The tattoos offered spiritual protection as well as identification, with sacred meanings related to the wearer's occupation. Natalie created the designs used in her photographs, but they are based on research.

"They are very traditional. I just elaborated on them a bit," she said.

By Dennis Oda, Star-Bulletin
Natalie Mahina Jensen and her mother, Lucia Tarallo-Jensen
next to Rocky Jensen's sculpture entitled "Kapukamola"
(with Natalie's photographs in the background). This
father-daughter show is on view at Ramsay Galleries
through Nov. 26.

Natalie, who got her first tattoo at 25 as an initiation into her culture, said her next project will focus on Hawaiian tattoos. "Tattoos really were not documented like they should be," she said.

While her parents will not be direct collaborators in that project, Natalie does not expect them to be completely uninvolved. "I'm sure they'll have their two cents to put in."

The trio work together well, she said.

Rocky has spent more time in sculpture than illustration in the past few years and made all of the implements used in Natalie's photographs, as well as free-standing pieces included in the show. Natalie and Lucia came up with the ideas for the photographs together, as Lucia has spent much of the past 30 years researching ancient Hawaiian women. Lucia wrote the text both for the book and the show.

The models were selected for the contributions they make to the community as educators, activists, business women and artists.

Clothed and painted in the traditions of ancient Hawaii and placed in natural settings, the strength of spirit evinced by all of Natalie's models reaches out to the viewer. Although her work is aesthetically pleasing, these are not just pretty pictures.

"My whole thing is really to get Native Hawaiian women back into their culture," she said. The Jensens plan to take the show through the state and to the West Coast. Native Hawaiian women on the mainland are "clueless" about their culture, said Natalie.

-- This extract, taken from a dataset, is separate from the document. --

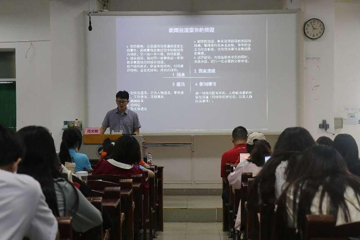 讲座以主讲人的获奖作品为例,突出了新闻采写中背景介绍、技巧运用和新闻事实挖掘的重要性,阐述了新闻要素交代、切入点寻找、采访走深做实、标题拟制、框架搭建和细节发掘等新闻采写的关键问题,分析了主次关系处理不当、语言不够简练、采访不够深入、报道不够客观等新闻报道的“常见病”,为师生带来了一场生动务实的新闻业务交流。
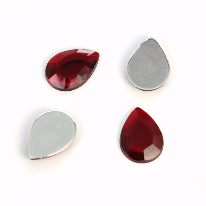 Plastic Flat Back Foiled Rose Cut Rhinestone - Pear 14x10MM RUBY

"I want them to realize we didn't just have hula."

In keeping with the family's "art with a message" philosophy, proceeds from the Daughters of Haumea project, both the exhibit and the book, will go to develop a program to meet the needs of Hawaiian women and children in crisis.

"In old Hawaii, women and children were not abused," said Natalie, who believes disconnection from the culture is behind much of the domestic abuse among Native Hawaiians. Women were considered sacred because of their child-bearing ability; men were women's shields, she said. "They knew without the women there would not be men."

"(The exhibit) goes beyond just what is appears to be," said Lucia. "Art is a powerful means to express a message."

Daughters of Haumea

Bullet What: Exhibit of photographs by Natalie Mahina Jensen and sculptures by Rocky Ka'iouliokahihikolo 'Ehu Jensen with text by Lucia Tarallo Jensen. Presented by Hale Naua III Society of Hawaiian Arts
Bullet Where: Ramsay Galleries, 1128 Smith St.